Write a function *preprocess* that iterates over all the data files and creates a single vocabulary, containing all the tokens in the data. **Our token definition is a single UTF-8 encoded character**. So, the vocabulary list is a simple Python list of all the characters that you see at least once in the data.

In [None]:
def preprocess():
  current_set = set()

  for name in glob.glob('nlp-course/lm-languages-data-new/*.csv'):
    if 'test' not in name:
      id = pd.read_csv(name)
            
      for i in id.index:
        add = set(id.iloc[i,1])
        current_set =  current_set | add 

  vocabulary = list(current_set)
  return vocabulary

**Part 2**

Write a function lm that generates a language model from a textual corpus.
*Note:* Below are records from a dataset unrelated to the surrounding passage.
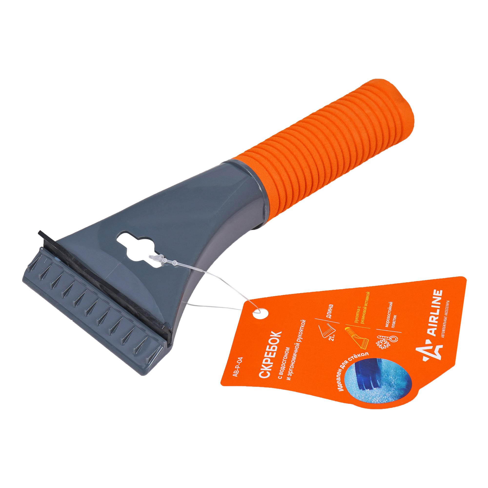 Скребок длиной 21 см с компактным резиновым водосгоном - позволит убрать не только лед со стекол автомобиля, но и удалить излишнюю влагу. Эргономическая ручка изделия изготовлена из мягкого прорезиненного материала с ребристой противоскользящей поверхностью.
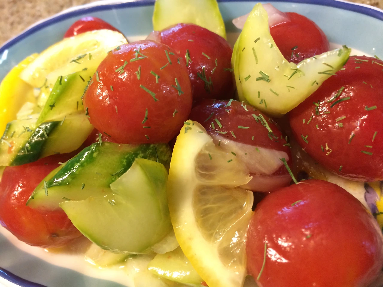 5. 냉장해 둔 채소 볼에 껍질을 벗긴 토마토를 넣고 딜 1T과 올리브유 3T를 넣고 섞는다.
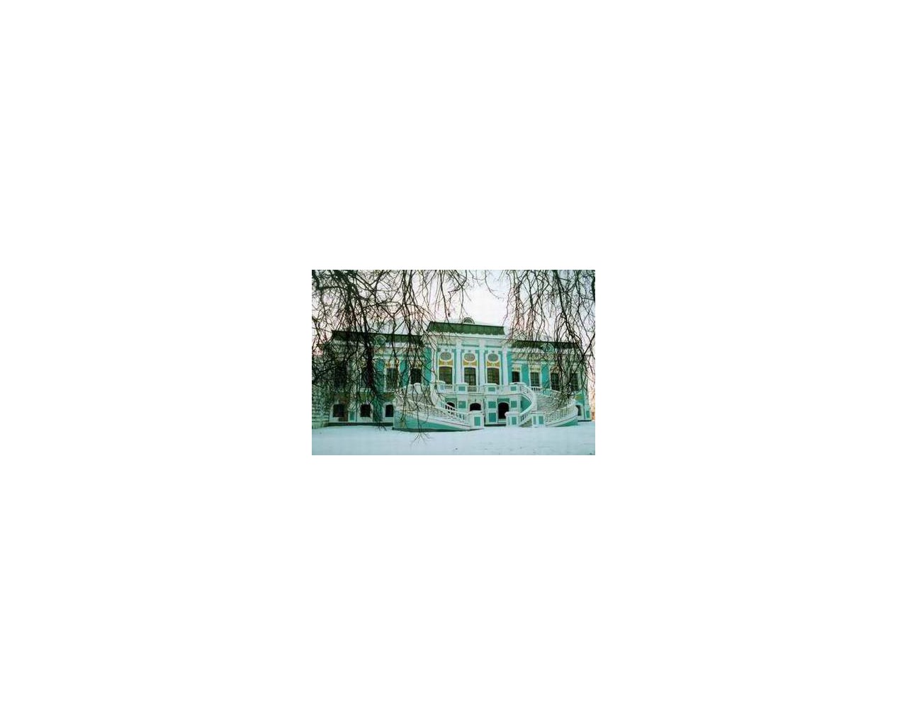 Главный дом. Его кирпичные стены первоначально были оштукатурены и окрашены в синий цвет, членения побелены.

The function should return a dictionary (representing a model) where the keys are all the relevant n-1 sequences, and the values are dictionaries with the n_th tokens and their corresponding probabilities to occur. For example, for a trigram model (tokens are characters), it should look something like:

{
  "ab":{"c":0.5, "b":0.25, "d":0.25},
  "ca":{"a":0.2, "b":0.7, "d":0.1}
}

which means for example that after the sequence "ab", there is a 0.5 chance that "c" will appear, 0.25 for "b" to appear and 0.25 for "d" to appear.
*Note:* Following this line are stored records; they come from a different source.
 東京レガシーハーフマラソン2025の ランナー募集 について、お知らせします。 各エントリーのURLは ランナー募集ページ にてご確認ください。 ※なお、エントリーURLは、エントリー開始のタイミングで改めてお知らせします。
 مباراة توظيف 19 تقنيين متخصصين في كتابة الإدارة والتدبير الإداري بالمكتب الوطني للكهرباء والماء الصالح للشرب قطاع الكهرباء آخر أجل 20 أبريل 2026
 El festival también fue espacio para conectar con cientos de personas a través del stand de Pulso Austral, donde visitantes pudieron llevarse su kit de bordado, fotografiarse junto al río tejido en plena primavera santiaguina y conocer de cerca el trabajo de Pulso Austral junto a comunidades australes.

Note - You should think how to add the add_one smoothing information to the dictionary and implement it.

In [None]:
def add_start_end(row, n):
  row = 'א'*(n-1) + row + 'ת'
  return row

def lm(n, vocabulary, data_file_path, add_one):
  # n - the n-gram to use (e.g., 1 - unigram, 2 - bigram, etc.)
  # vocabulary - the vocabulary list (which you should use for calculating add_one smoothing)
  # data_file_path - the data_file from which we record probabilities for our model
  # add_one - True/False (use add_one smoothing or not)
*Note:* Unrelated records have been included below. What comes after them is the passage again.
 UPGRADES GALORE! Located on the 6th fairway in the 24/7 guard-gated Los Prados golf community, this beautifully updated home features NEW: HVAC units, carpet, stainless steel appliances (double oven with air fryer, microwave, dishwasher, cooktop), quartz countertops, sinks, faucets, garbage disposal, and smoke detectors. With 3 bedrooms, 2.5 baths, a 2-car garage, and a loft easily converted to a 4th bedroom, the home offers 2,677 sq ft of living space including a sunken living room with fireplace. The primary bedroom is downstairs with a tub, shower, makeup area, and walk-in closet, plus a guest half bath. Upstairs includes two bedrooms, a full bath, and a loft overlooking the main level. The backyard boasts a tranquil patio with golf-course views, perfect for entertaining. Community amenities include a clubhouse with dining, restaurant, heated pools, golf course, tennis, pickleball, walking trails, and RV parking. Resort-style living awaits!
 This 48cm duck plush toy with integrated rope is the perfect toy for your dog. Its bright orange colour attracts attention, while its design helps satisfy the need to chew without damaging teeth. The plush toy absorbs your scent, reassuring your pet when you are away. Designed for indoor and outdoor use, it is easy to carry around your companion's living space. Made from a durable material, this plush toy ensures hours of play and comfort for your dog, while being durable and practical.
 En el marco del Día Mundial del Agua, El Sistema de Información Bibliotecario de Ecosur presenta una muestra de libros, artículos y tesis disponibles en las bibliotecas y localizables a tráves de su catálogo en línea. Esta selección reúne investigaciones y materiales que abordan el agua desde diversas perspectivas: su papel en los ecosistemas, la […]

  df = pd.read_csv(data_file_path)
  n_gram_dictionary = collections.Counter()
  n_minus_1_gram_dict = collections.Counter()

  # Add start and end chars
  df['tweet_text'] = df.apply(lambda data: add_start_end(data['tweet_text'], n),axis=1, result_type='expand')  
  
  # Split the data to n-grams
  for i in df.index:
    tokens = str(df.iloc[i, 1])
    line_length = len(tokens)
    if line_length > 0:
      manual_partial_ngram = []
      manual_partial_ngram_minus_1 = []
      for j in range(line_length-n):
        nword_split = tuple(list(tokens[j:j+n]))
        manual_partial_ngram.append(nword_split)
        nword_split_minus_1 = tuple(list(tokens[j:j+n-1]))
        manual_partial_ngram_minus_1.append(nword_split_minus_1)

    n_gram_dictionary.update(manual_partial_ngram)
    n_minus_1_gram_dict.update(manual_partial_ngram_minus_1)

  # Calculate the frequency (counts)
  model = defaultdict(lambda: defaultdict(lambda: 0))

  if n == 1:
    model = defaultdict(lambda: 0)
    total_count = float(sum(n_gram_dictionary.values()))
    for key, value in n_gram_dictionary.items():
      model[key] = value/total_count

  else:
    for key, value in n_gram_dictionary.items():
      n_minus_1_gram = tuple(list(key[0:(n-1)]))
      nth = key[-1]
      model[n_minus_1_gram][nth] = value

    # Create frequency distributions (probablity)
    for w_n_minus_1 in model:
        total_count = float(sum(model[w_n_minus_1].values()))
        for w_n in model[w_n_minus_1]:
            model[w_n_minus_1][w_n] /= total_count 

  # Add one smoothing implementation 
  if add_one:
    v = len(vocabulary)
    model_smooth = defaultdict(lambda: defaultdict(lambda: 0))

    if n == 1:
      total_count = float(sum(n_gram_dictionary.values()))
      model_smooth = defaultdict(lambda: 1/(total_count+v))
      for keys, values in n_gram_dictionary.items():
        prob = (values+1)/(total_count+v)  
        model_smooth[keys] = prob
      
    else: 
      for key in n_minus_1_gram_dict:
        C_n_minus_1 = n_minus_1_gram_dict[key]
        val = 1/(C_n_minus_1+v) 
        model_smooth[key] = defaultdict(lambda: val)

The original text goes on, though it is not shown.